The server uses a layered architecture with:

  1. Transport Layer: STDIO and HTTP+SSE communication
  2. MCP Core: Request handling and routing
  3. Tools Layer: Research capabilities implementation
  4. Support Systems: Caching and event store

For detailed information, see the .

Client Integration

STDIO Client (Direct Process)

import { Client } from "@modelcontextprotocol/sdk/client/index.js";
import { StdioClientTransport } from "@modelcontextprotocol/sdk/client/stdio.js";

// Create client
const transport = new StdioClientTransport({
  command: "node",
  args: ["dist/server.js"]
});
const client = new Client({ name: "test-client" });
await client.connect(transport);

// Call a tool
const result = await client.callTool({
  name: "google_search",
  arguments: { query: "MCP protocol" }
});
console.log(result.content[0].text);

HTTP+SSE Client (Web)

import { Client } from "@modelcontextprotocol/sdk/client/index.js";
import { StreamableHTTPClientTransport } from "@modelcontextprotocol/sdk/client/streamableHttp.js";

// Create client
// NOTE: The client MUST obtain a valid OAuth 2.1 Bearer token from the
// configured external Authorization Server before making requests.
const transport = new StreamableHTTPClientTransport(
  new URL("http://localhost:3000/mcp"),
  {
    // The client needs to dynamically provide the token here
    getAuthorization: async () => `Bearer YOUR_ACCESS_TOKEN`
  }
);
const client = new Client({ name: "test-client" });
await client.connect(transport);

// Call a tool
const result = await client.callTool({
  name: "google_search",
  arguments: { query: "MCP protocol" }
});
console.log(result.content[0].text);

Using with Roo Code

Note: The following example uses STDIO transport.
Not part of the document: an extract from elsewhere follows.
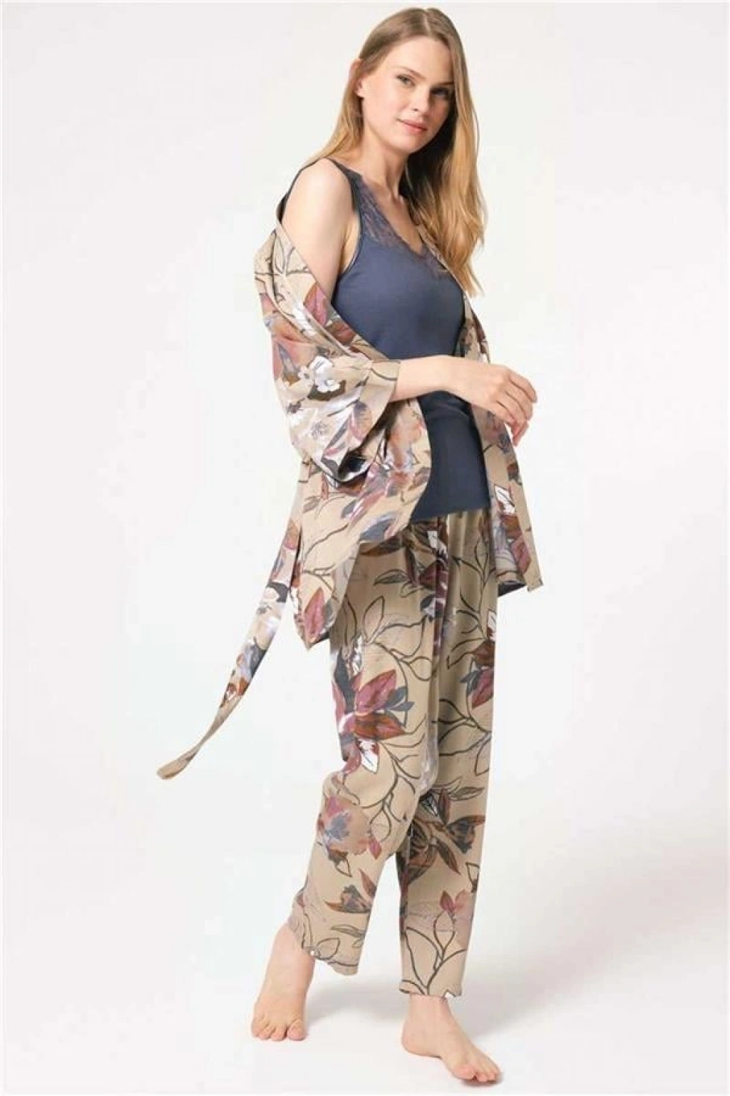 VipMarketim Anıl İp Askılı V Yaka Viskon Çiçek Desenli Kışlık Örme Normal Bel Bağlamalı Dantel Detaylı Pijama Takımı (Kod:5786)

Integrating Roo Code with the HTTP transport requires handling the OAuth 2.1 flow, which may need specific configuration within Roo Code or a proxy setup. This example needs review based on the mandatory OAuth for HTTP.

Roo Code (VS Code extension) can use this server via STDIO:

  1. Enable MCP Servers in Roo Code settings
  2. Create .roo/mcp.json in your project:
 {
  "mcpServers": {
    "google-researcher-mcp": {
      "command": "node",
      "args": ["~/Documents/Cline/MCP/google-researcher-mcp/dist/server.js"],
      "cwd": "~/Documents/Cline/MCP/google-researcher-mcp/dist/",
      "env": {
        "GOOGLE_CUSTOM_SEARCH_API_KEY": "${env:GOOGLE_CUSTOM_SEARCH_API_KEY}",
        "GOOGLE_CUSTOM_SEARCH_ID": "${env:GOOGLE_CUSTOM_SEARCH_ID}",
        "GOOGLE_GEMINI_API_KEY": "${env:GOOGLE_GEMINI_API_KEY}"
      },
      "alwaysAllow": [
        "google_search",
        "scrape_page",
        "analyze_with_gemini",
        "research_topic"
      ],
      "disabled": false
    }
  }
}
  1. Start the server and use Roo Code to ask research questions

Tests

The project uses a focused testing approach that combines end-to-end validation with targeted unit/integration tests.

Test Scripts

ScriptDescription
npm testRuns Jest tests for internal components
npm run test:e2eRuns both STDIO and SSE end-to-end tests
npm run test:e2e:stdioRuns only the STDIO end-to-end test
npm run test:e2e:sseRuns only the SSE end-to-end test
npm run test:coverageGenerates detailed coverage reports

Testing Approach

Our testing strategy has two main components:

  1. End-to-End Tests: Validate the server's overall functionality through its MCP interface:

    • e2e_stdio_mcp_client_test.mjs: Tests the server using STDIO transport
    • e2e_sse_mcp_client_test.mjs: Tests the server using HTTP+SSE transport
  2. Focused Component Tests: Jest tests for the stateful logic unique to this server:

    • Cache System: Unit and integration tests for the in-memory cache, persistence manager, and persistence strategies
    • Event Store: Unit and integration tests for the event store and event persistence manager

This approach provides comprehensive validation while keeping tests simple, focused, and fast.

Contributing

We welcome contributions! This project is open source under the MIT license.

  • Star this repo if you find it useful
  • Fork it to create your own version
  • Submit PRs for bug fixes or new features
  • Report issues if you find bugs or have suggestions

To contribute code:

  1. Fork the repository
  2. Create a feature branch (git checkout -b feature/amazing-feature)
  3. Make your changes
  4. Submit a pull request

License

This project is licensed under the MIT License - see the file for details.